ExponentialBayesianEstimator

public ExponentialBayesianEstimator(GammaDistribution prior)
Creates a new instance of ExponentialBayesianEstimator

Parameters:
prior - Default conjugate prior.

ExponentialBayesianEstimator

public ExponentialBayesianEstimator(ExponentialDistribution conditional,
                                    GammaDistribution prior)
Creates a new instance of ExponentialBayesianEstimator

Parameters:
prior - Default conjugate prior.
conditional - Conditional distribution of the conjugate prior.

ExponentialBayesianEstimator

protected ExponentialBayesianEstimator(BayesianParameter<Double,ExponentialDistribution,GammaDistribution> parameter)
Creates a new instance of ExponentialBayesianEstimator

Parameters:
parameter - Bayesian parameter describing this conjugate relationship.
Method Detail

createParameter

public ExponentialBayesianEstimator.Parameter createParameter(ExponentialDistribution conditional,
                                                              GammaDistribution prior)
Description copied from interface: ConjugatePriorBayesianEstimator
Creates a parameter linking the conditional and prior distributions

Specified by:
createParameter in interface ConjugatePriorBayesianEstimator<Double,Double,ExponentialDistribution,GammaDistribution>
Parameters:
conditional - Distribution from which observations are generated
prior - Distribution that generates parameters for the conditional
Returns:
Parameter describing the relationship between the conditional and prior

update

public void update(GammaDistribution belief,
                   Double data)
Description copied from interface: IncrementalLearner
The update method updates an object of ResultType using the given new data of type DataType, using some form of "learning" algorithm.

Specified by:
update in interface IncrementalLearner<Double,GammaDistribution>
Parameters:
belief - The object to update.
data - The new data for the learning algorithm to use to update the object.

computeEquivalentSampleSize

public double computeEquivalentSampleSize(GammaDistribution belief)
Description copied from interface: ConjugatePriorBayesianEstimator
Computes the equivalent sample size of using the given prior. This is effectively how many samples of bias the prior injects into the estimate.

Specified by:
computeEquivalentSampleSize in interface ConjugatePriorBayesianEstimator<Double,Double,ExponentialDistribution,GammaDistribution>
Parameters:
belief - Prior belief to measure.
Returns:
Equivalent sample size of the initial belief.

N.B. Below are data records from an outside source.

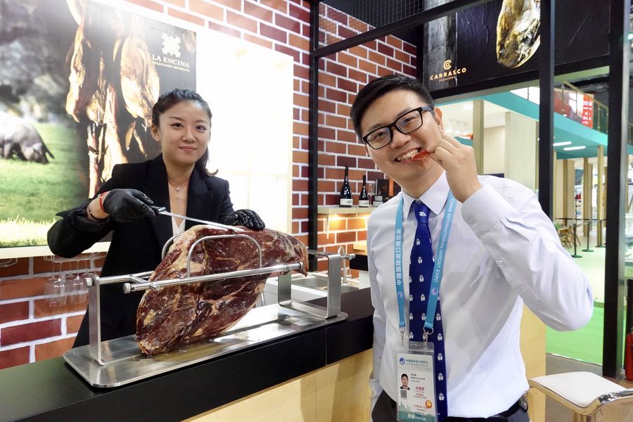 A visitor (R) tastes a slice of Spanish ham at the Food and Agricultural Products exhibition area during the second China International Import Expo (CIIE) in Shanghai, east China, Nov. 5, 2019. (Xinhua/Cai Yang)
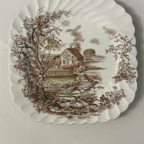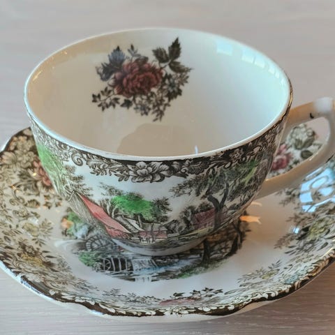 Vintage kopp fra Johnson Bros, produsert i England. Klassisk landlig motiv i duse vårfarger. Dekor under glasur.
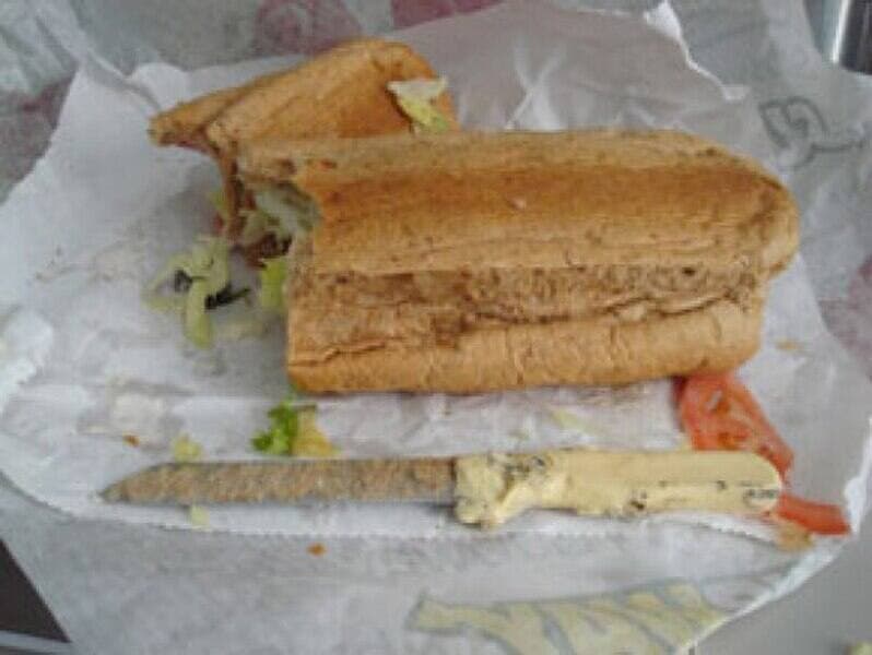 Un homme a trouvé un couteau dans son sandwich 12 pouces de chez Subway. Il a intenté une poursuite pour la somme de 1 M$, mais s’est finalement entendu avec l’entreprise de restauration rapide pour 20 000 $.

createPredictiveDistribution

public ParetoDistribution createPredictiveDistribution(GammaDistribution posterior)
Description copied from interface: BayesianEstimatorPredictor
Creates the predictive distribution of new data given the posterior. This is equivalent to evaluating the integral of: p( newdata | data ) = integral( conditional( newdata | data, parameters ) * p( parameters | data ) dparameters )

Specified by:
createPredictiveDistribution in interface BayesianEstimatorPredictor<Double,Double,GammaDistribution>
Parameters:
posterior - Posterior distribution from which to compute the predictive posterior.
Returns:
Predictive distribution of new data given the observed data.